> [WORK ITEM]:
With the pictures set aside, write out all of the data exactly as it stands.

---------- INPUT DATA

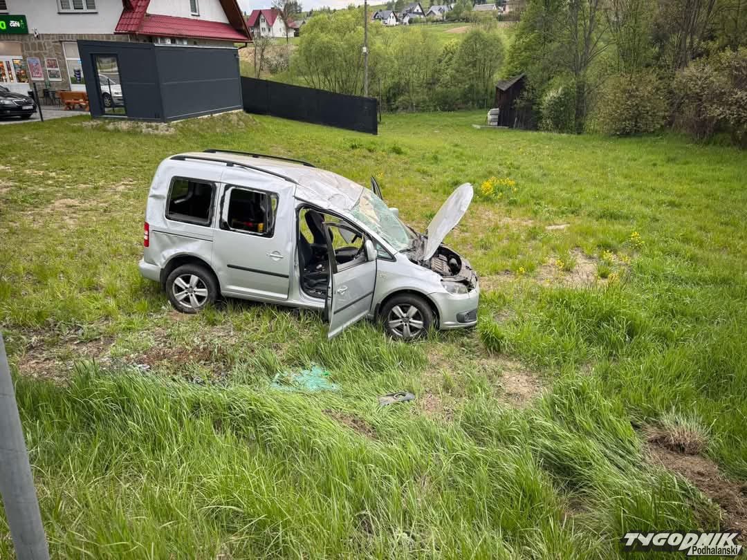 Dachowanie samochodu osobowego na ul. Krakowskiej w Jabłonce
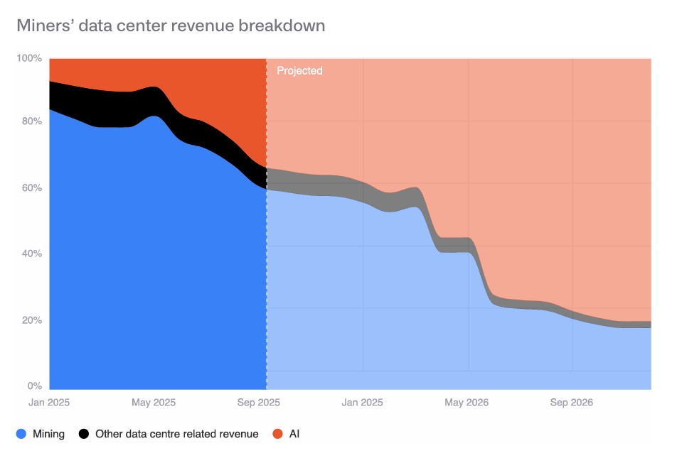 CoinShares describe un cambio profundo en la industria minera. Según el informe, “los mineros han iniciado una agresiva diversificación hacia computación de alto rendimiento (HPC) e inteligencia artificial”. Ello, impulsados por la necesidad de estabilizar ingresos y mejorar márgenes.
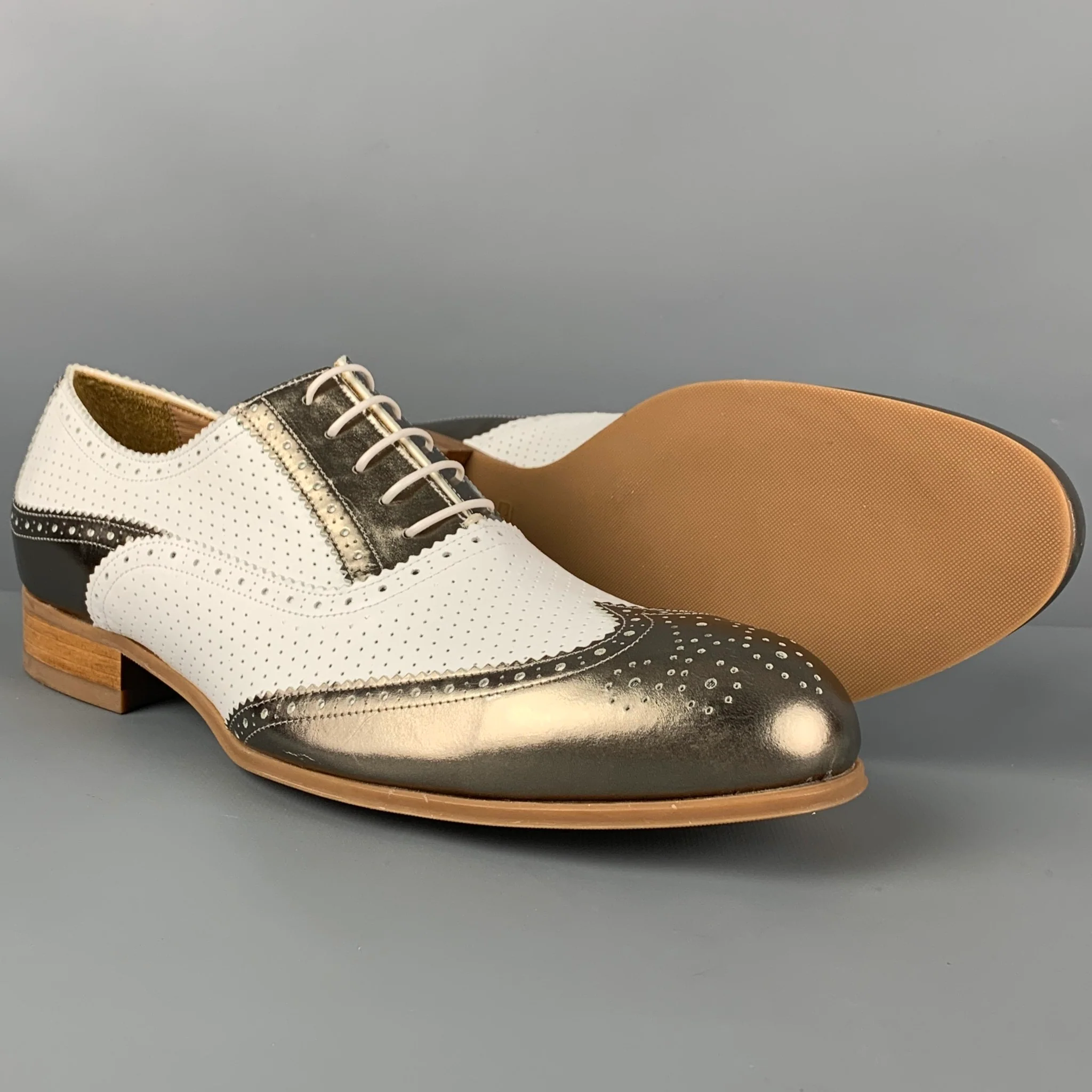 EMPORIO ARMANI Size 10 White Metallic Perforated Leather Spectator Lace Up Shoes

--------------------

> [EXERCISE RESPONSE]:
 Dachowanie samochodu osobowego na ul. Krakowskiej w Jabłonce
 CoinShares describe un cambio profundo en la industria minera. Según el informe, “los mineros han iniciado una agresiva diversificación hacia computación de alto rendimiento (HPC) e inteligencia artificial”. Ello, impulsados por la necesidad de estabilizar ingresos y mejorar márgenes.
 EMPORIO ARMANI Size 10 White Metallic Perforated Leather Spectator Lace Up Shoes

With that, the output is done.